▸ WORK TASK
Reproduce all the data exactly, without pictures.

Segment Open

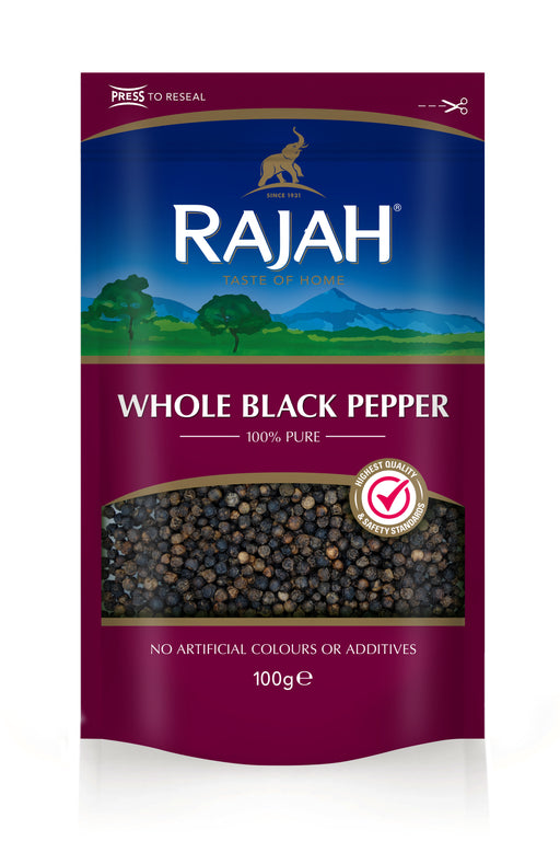 Rajah 全黑胡椒是黑胡椒藤未成熟的浆果,在阳光下晒干,具有穿透性的香气和特有的温暖、辛辣的味道和持久的热量,作为调料和调味品被普遍享用。 规格: 100克 原料:整个黑胡椒 在英国包装
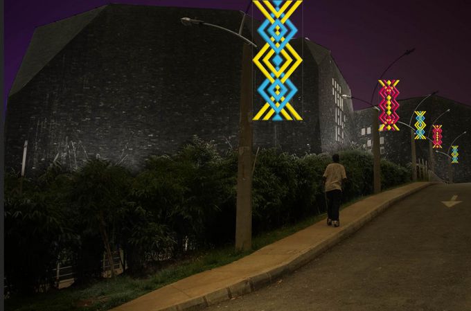 Esta vía que es vital en el ingreso y la salida del Valle de Aburrá tendrá figuras renovadas. En esta ocasión, 125 pendones de 1 metro de ancho por 3,3 metros de alto, distribuidos entre la glorieta de Sandiego y el Hotel Intercontinental, serán una versión estilizada de los tejidos artesanales de las abuelas, como las carpetas de croché y las colchas de retazos. Entre puntos, cadenetas, cruces y nudos tomarán forma las figuras.
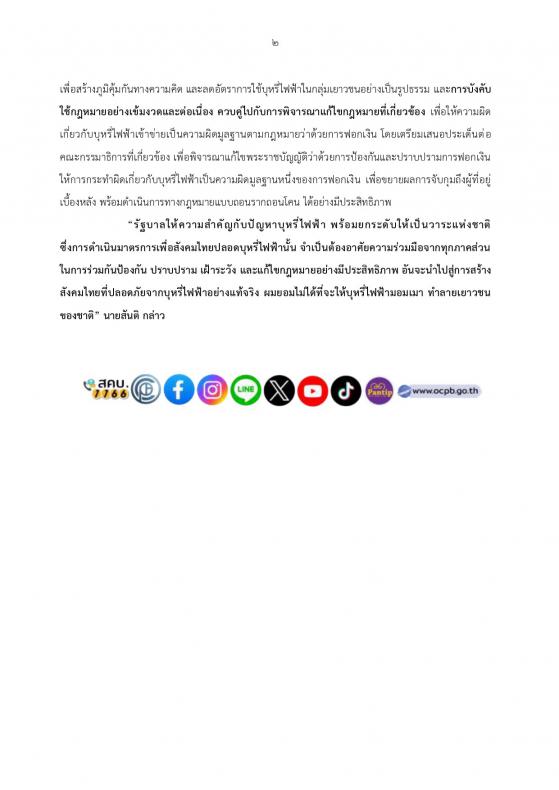 นายสันติ ปิยะทัต รัฐมนตรีประจำสำนักนายกรัฐมนตรี เป็นประธานการประชุมหารือมาตรการ “สังคมไทยปลอดบุหรี่ไฟฟ้า” ตามนโยบายของรัฐบาล เตรียมเสนอ แก้ไขกฎหมาย ปปง. เพื่อให้บุหรี่ไฟฟ้าเป็นหนึ่งในมูลฐานความผิดตามกฎหมายฟอกเงิน เปิดทางให้รัฐสามารถดำเนินการยึดทรัพย์และขยายผลถึงขบวนการเบื้องหลัง
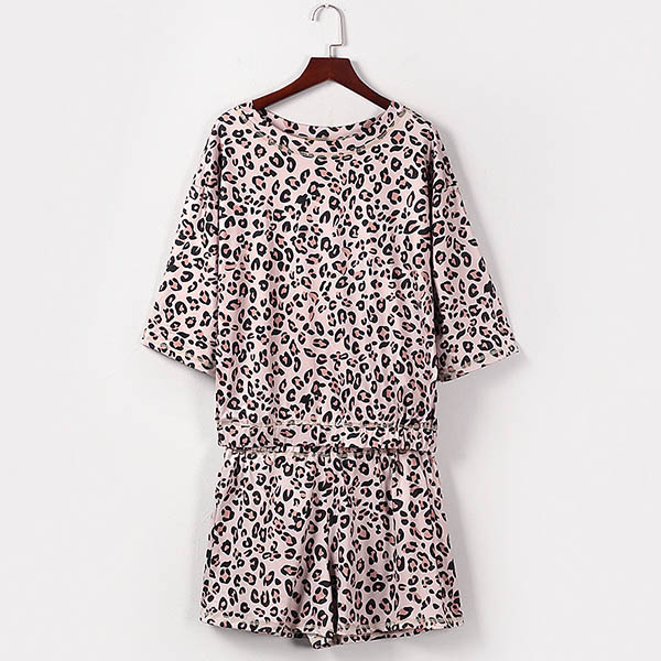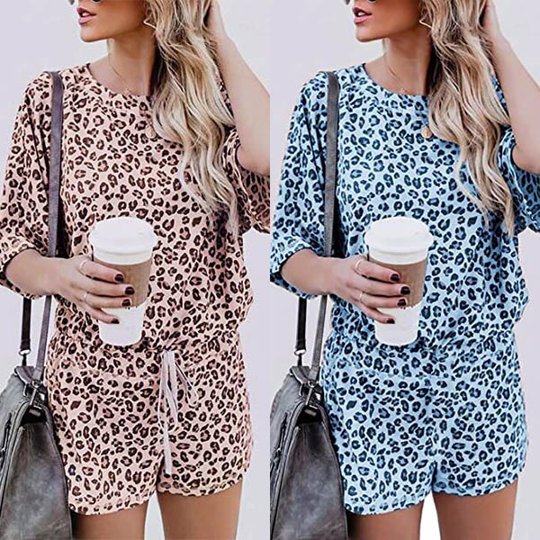 You deserve to have an utmost comfort during your home time and sleeping time. So we suggest you choosing this two-piece set. The leopard printed details make it look so eye-catching and stylish. Including a short sleeve round neck t-shirt and a shorts,this two-piece set is worth to arouse your attention.
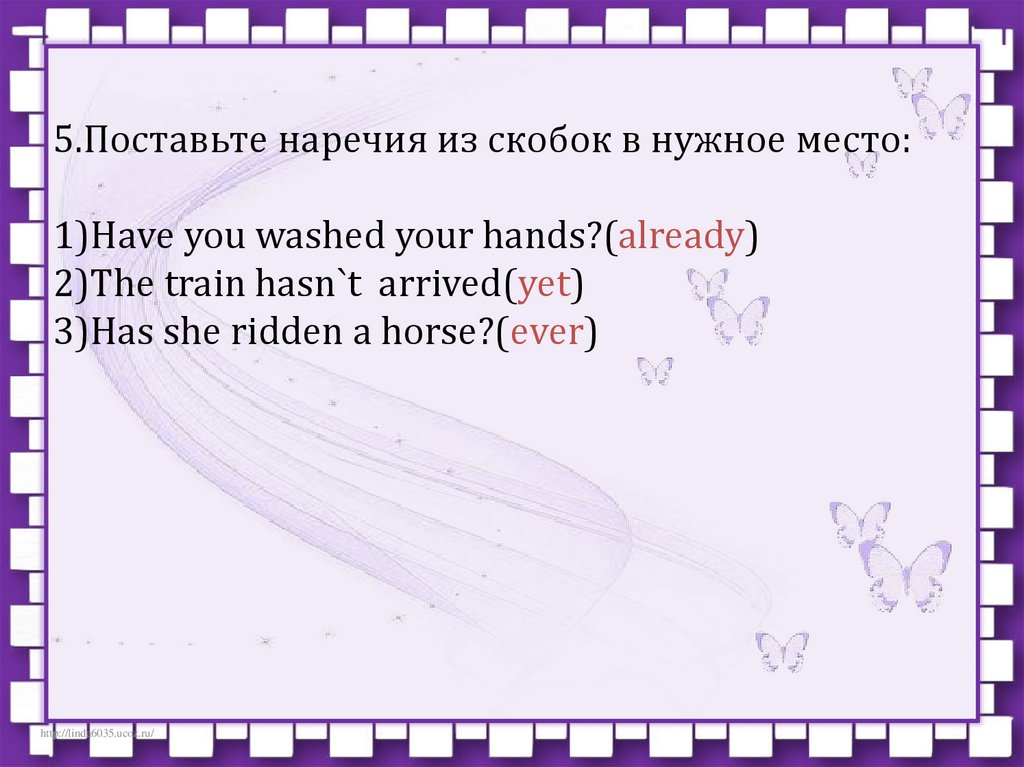 5.Поставьте наречия из скобок в нужное место:1)Have you washed your hands?(already)

Segment Closed

▸ WRITTEN RESPONSE
 Rajah 全黑胡椒是黑胡椒藤未成熟的浆果,在阳光下晒干,具有穿透性的香气和特有的温暖、辛辣的味道和持久的热量,作为调料和调味品被普遍享用。 规格: 100克 原料:整个黑胡椒 在英国包装
 Esta vía que es vital en el ingreso y la salida del Valle de Aburrá tendrá figuras renovadas. En esta ocasión, 125 pendones de 1 metro de ancho por 3,3 metros de alto, distribuidos entre la glorieta de Sandiego y el Hotel Intercontinental, serán una versión estilizada de los tejidos artesanales de las abuelas, como las carpetas de croché y las colchas de retazos. Entre puntos, cadenetas, cruces y nudos tomarán forma las figuras.
 นายสันติ ปิยะทัต รัฐมนตรีประจำสำนักนายกรัฐมนตรี เป็นประธานการประชุมหารือมาตรการ “สังคมไทยปลอดบุหรี่ไฟฟ้า” ตามนโยบายของรัฐบาล เตรียมเสนอ แก้ไขกฎหมาย ปปง. เพื่อให้บุหรี่ไฟฟ้าเป็นหนึ่งในมูลฐานความผิดตามกฎหมายฟอกเงิน เปิดทางให้รัฐสามารถดำเนินการยึดทรัพย์และขยายผลถึงขบวนการเบื้องหลัง
 You deserve to have an utmost comfort during your home time and sleeping time. So we suggest you choosing this two-piece set. The leopard printed details make it look so eye-catching and stylish. Including a short sleeve round neck t-shirt and a shorts,this two-piece set is worth to arouse your attention.
 5.Поставьте наречия из скобок в нужное место:1)Have you washed your hands?(already)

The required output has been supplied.